The level design in Legacy is tighter than LEGO Batman 3, with fewer stretches where the formula visibly exhausts itself. The animated series chapters in particular — Gotham’s rooftops, the Arkham asylum interior, a docklands level that pulls directly from “The Cape and Cowl Conspiracy” — feel like TT Games at their most inspired. The puzzle variety is higher than average: a level set during Gotham’s 1966 art heist has Batman and Robin navigating a gallery whose security system only responds to specific painted frequencies, and it is significantly cleverer than that description suggests.
The combat is exactly what LEGO combat always is — button-mash with an occasional dodge, satisfying for children, not demanding for adults — and the boss encounters are puzzle-dressed action sequences where the villain’s defining trait becomes the mechanic. Clayface is defeated by using the environment’s structure against his shapeshifting; Mr. Freeze requires temperature management; the Joker finale involves a toy that has been foreshadowed throughout the chapter with the kind of Chekhov’s Gun clarity that works because the game trusts its audience to notice.

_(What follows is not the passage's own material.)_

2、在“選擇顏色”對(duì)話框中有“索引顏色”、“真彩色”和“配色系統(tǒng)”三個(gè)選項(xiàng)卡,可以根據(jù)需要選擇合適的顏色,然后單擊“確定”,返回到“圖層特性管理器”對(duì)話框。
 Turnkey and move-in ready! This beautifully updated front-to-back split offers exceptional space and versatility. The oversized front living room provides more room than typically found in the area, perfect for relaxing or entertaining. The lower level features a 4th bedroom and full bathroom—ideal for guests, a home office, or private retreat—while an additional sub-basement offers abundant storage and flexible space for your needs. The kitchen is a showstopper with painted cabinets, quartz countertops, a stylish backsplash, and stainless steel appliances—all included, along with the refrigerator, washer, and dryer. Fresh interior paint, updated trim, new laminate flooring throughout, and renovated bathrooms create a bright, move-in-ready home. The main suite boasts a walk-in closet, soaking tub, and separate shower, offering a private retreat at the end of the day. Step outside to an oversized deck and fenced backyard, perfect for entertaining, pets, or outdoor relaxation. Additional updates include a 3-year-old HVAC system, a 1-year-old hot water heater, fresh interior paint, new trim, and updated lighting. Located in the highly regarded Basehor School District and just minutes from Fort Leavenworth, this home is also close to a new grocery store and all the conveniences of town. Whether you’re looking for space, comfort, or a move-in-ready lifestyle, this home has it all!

👨👧 Local Co-Op: The Whole Point
LEGO Batman: Legacy is at its best when two people are playing it together, which is the condition under which most family gaming actually happens. The local co-op is split-screen with dynamic camera that zooms out when players separate and pulls together when they converge — a system the series has refined over many entries to the point of invisibility. You stop noticing the camera because it’s always roughly where it should be.
For parents: the ability gap management is worth noting. A seven-year-old and an adult playing together will naturally settle into a rhythm where the child handles combat (which they can’t really fail at meaningfully) while the adult handles the more precise puzzle elements. The game doesn’t enforce this division — both players can attempt anything — but the natural play pattern emerges quickly and means neither player is frustrated by the other’s pace. We played with a seven-year-old and a nine-year-old across three evenings and the sessions ended because of bedtime, not because anyone was done.

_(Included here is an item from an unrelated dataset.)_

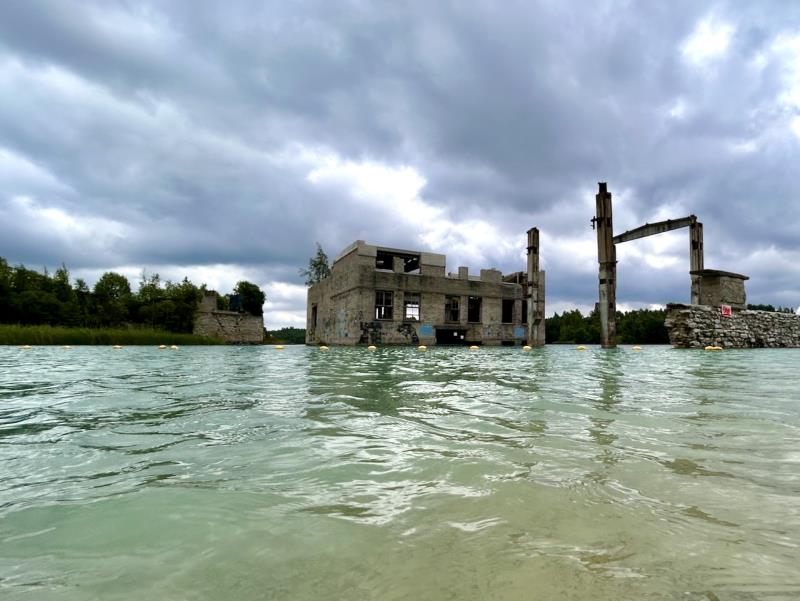 Tallinnasta ajoimme seuraavan päivän aikana tyypillisimmän 4/E67 -reitin sijaan läntisempää pienempäää tiestöä maisemista nauttien. Pian Tallinnan jälkeen bongasimme Rummu Järven, minkä erikoisuutena on kirkkaan veden valtaan jääneet entisen vankilan rauniot.

AdLEGO Batman: Legacy of the Dark Knight – PlayStation 5 (opens in a new tab)
The PS5 version runs identically to Xbox — buy whichever matches your household's primary console.

The humour operates across age brackets in a way that few games achieve. The adult Batman references — animated series character designs, 1966 camp callbacks, villain dialogue that has one layer for children and another layer for dads — land without ever being over the children’s heads. My kids laugh at Penguin slipping on his umbrella. I laugh at Riddler’s increasingly baroque question-mark-themed crime schemes. We’re laughing at different jokes and having the same good time, which is exactly how family co-op should work.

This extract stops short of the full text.